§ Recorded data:
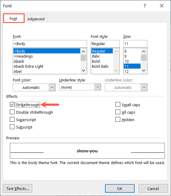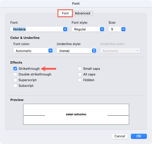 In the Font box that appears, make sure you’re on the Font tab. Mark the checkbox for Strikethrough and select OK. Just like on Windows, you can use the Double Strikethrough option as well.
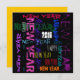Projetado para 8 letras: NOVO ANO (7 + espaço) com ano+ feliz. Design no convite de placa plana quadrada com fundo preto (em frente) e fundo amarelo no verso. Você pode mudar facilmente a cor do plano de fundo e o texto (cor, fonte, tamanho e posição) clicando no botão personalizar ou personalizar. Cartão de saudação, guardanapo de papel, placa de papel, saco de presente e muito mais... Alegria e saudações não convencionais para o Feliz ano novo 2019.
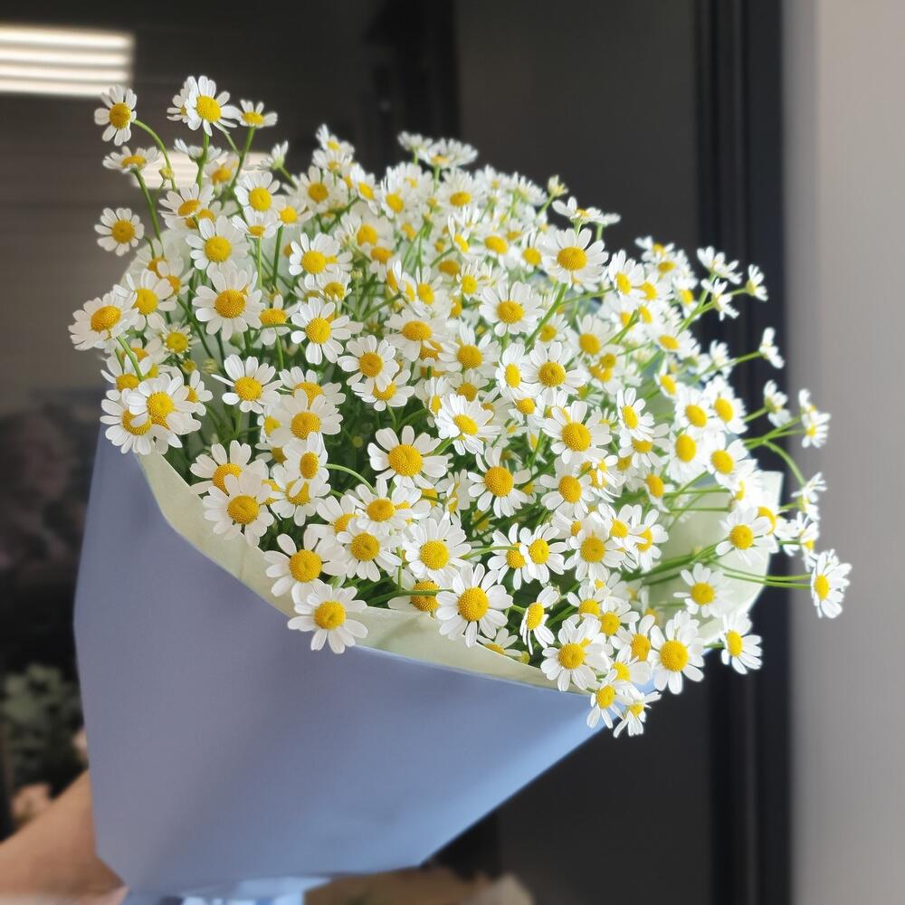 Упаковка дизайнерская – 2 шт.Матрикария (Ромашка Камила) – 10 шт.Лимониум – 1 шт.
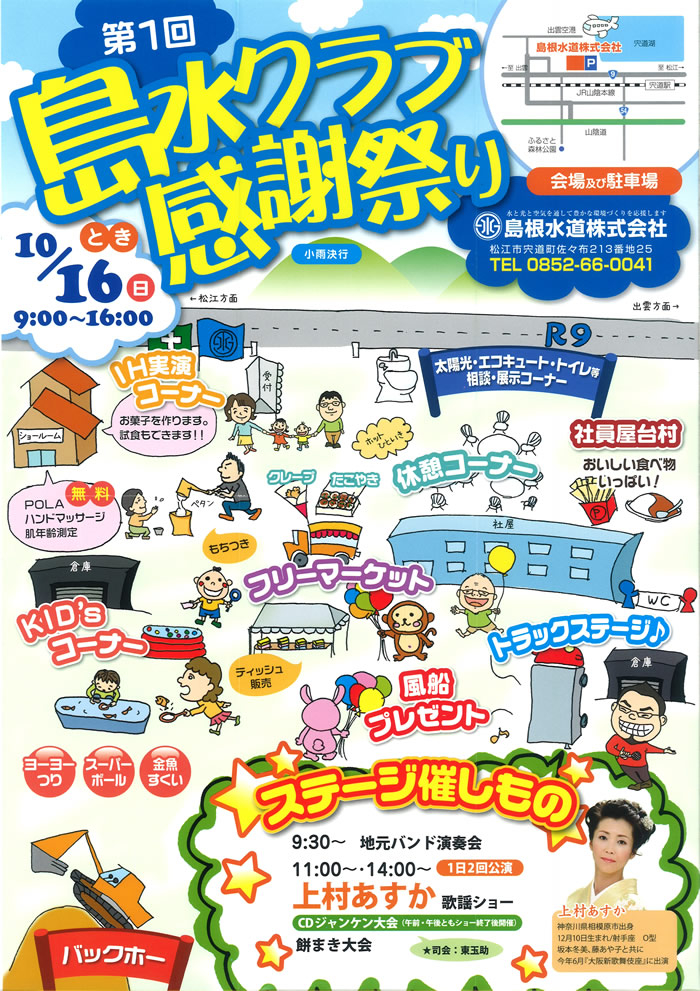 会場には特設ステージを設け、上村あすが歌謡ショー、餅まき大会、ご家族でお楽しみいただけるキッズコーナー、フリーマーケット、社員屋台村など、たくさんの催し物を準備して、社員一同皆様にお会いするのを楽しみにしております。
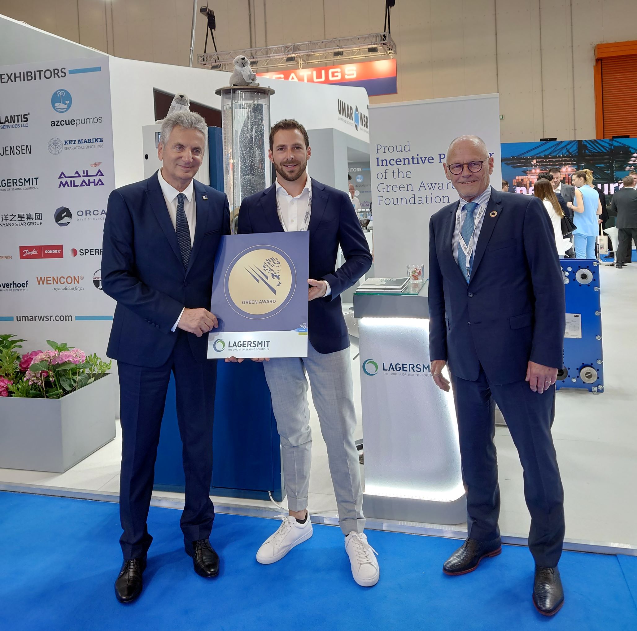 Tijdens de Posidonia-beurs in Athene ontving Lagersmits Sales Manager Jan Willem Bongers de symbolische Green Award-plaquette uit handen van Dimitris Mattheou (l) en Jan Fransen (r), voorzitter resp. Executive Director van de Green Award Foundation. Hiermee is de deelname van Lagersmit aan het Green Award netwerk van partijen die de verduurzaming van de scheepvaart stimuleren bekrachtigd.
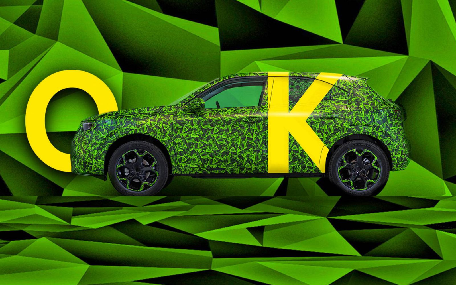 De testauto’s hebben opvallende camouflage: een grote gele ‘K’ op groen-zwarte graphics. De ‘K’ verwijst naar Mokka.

§ Work item:
Transcribe exactly the lines that run from the first line of the records above through the line with "会場には特設ステージを設け、", and include both of those lines; pictures stay out.

§ Written response:
 In the Font box that appears, make sure you’re on the Font tab. Mark the checkbox for Strikethrough and select OK. Just like on Windows, you can use the Double Strikethrough option as well.
Projetado para 8 letras: NOVO ANO (7 + espaço) com ano+ feliz. Design no convite de placa plana quadrada com fundo preto (em frente) e fundo amarelo no verso. Você pode mudar facilmente a cor do plano de fundo e o texto (cor, fonte, tamanho e posição) clicando no botão personalizar ou personalizar. Cartão de saudação, guardanapo de papel, placa de papel, saco de presente e muito mais... Alegria e saudações não convencionais para o Feliz ano novo 2019.
 Упаковка дизайнерская – 2 шт.Матрикария (Ромашка Камила) – 10 шт.Лимониум – 1 шт.
 会場には特設ステージを設け、上村あすが歌謡ショー、餅まき大会、ご家族でお楽しみいただけるキッズコーナー、フリーマーケット、社員屋台村など、たくさんの催し物を準備して、社員一同皆様にお会いするのを楽しみにしております。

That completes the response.